“Es ist schwer, die richtigen Worte zu finden” (It is hard to find the right words) is an artists’ book about compassionate grief. It re-contextualises the process of correspondence with condolence mail from the perspective of an autistic grieving recipient revisiting old writings, seeking to re-evaluate them. In this, it follows two questions: What are the words used to communicate compassionate grief in a specific case? How are the words packaged visually?
To this end and following a wish for order in an array of disorderly items, wishing to bring comfort in clear structure, 91 transcripts of mail from a close death in my family are broken down into structural text parts which are sorted, distilling it to leave in only dominant words and phrases, fragments just big enough to make out a message, fleeting as if skimmed over.

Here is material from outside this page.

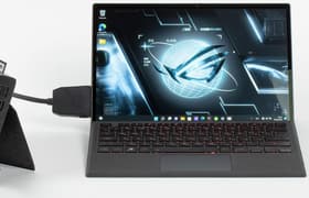 Asus ROG Flow Z13 — компактный ноутбук или большой планшет с клавиатурой. На нем установлена Windows 11, так что очень мощный процессор позволяет использовать это устройство для любых профессиональных задач, а дискретная видеокарта обеспечивает возможность поиграть почти в любые требовательные игры в Full HD при высоком качестве графики. Если этого покажется мало, то к планшету можно прикупить еще и графическую док-станцию с внешней видеокартой вплоть до Nvidia GeForce RTX 3080 Laptop и с набором интерфейсных портов.
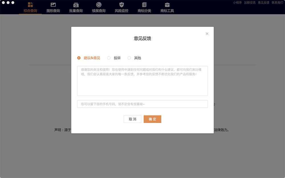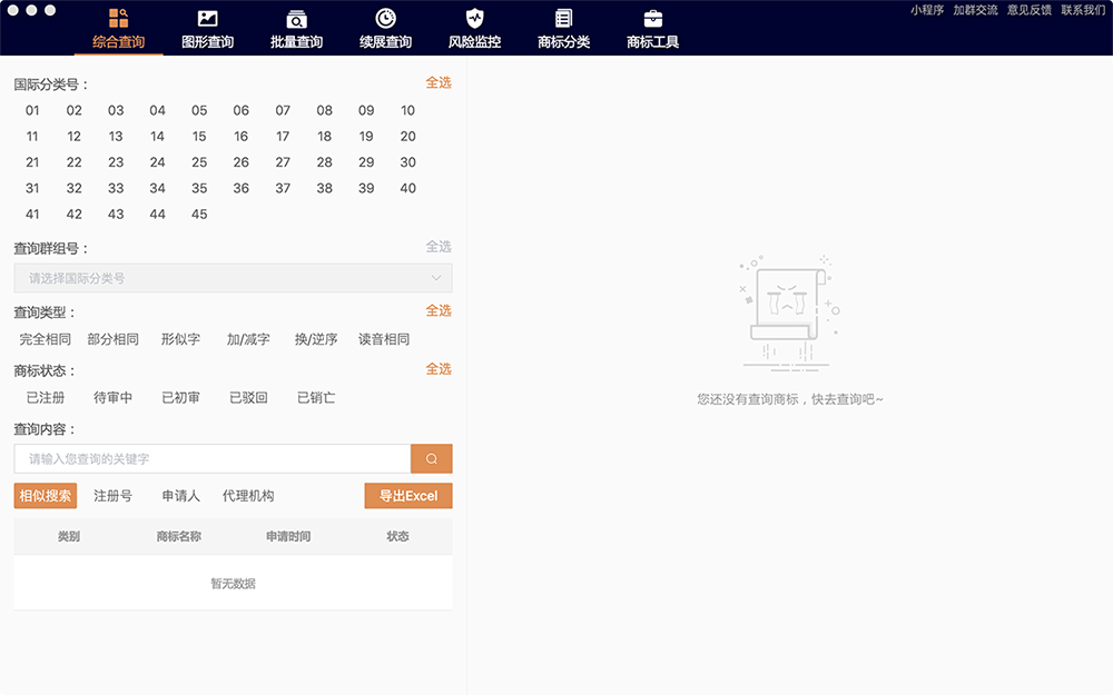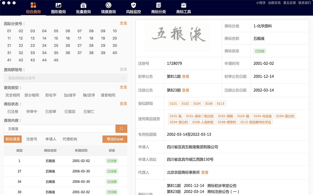 精準(zhǔn)展示商標(biāo)信息多種查詢(xún)類(lèi)型可選

This is followed by grids of all cards and envelopes sent.
Until now a dissection rather than a conversation with a deeply emotional subject, the publication is closed by a 92nd (and last) letter written during the assembly of the book by me to my younger self during the time of receiving all mail presented before. Moving the book away from an intellectual exercise, this last chapter articulates the fundamental purpose of the book: to express confusion about the nature of these correspondences as an autistic person as well as an expression of empathy and reconciliation to oneself as a person inexperienced with the responsibilities of grief, autistic or not.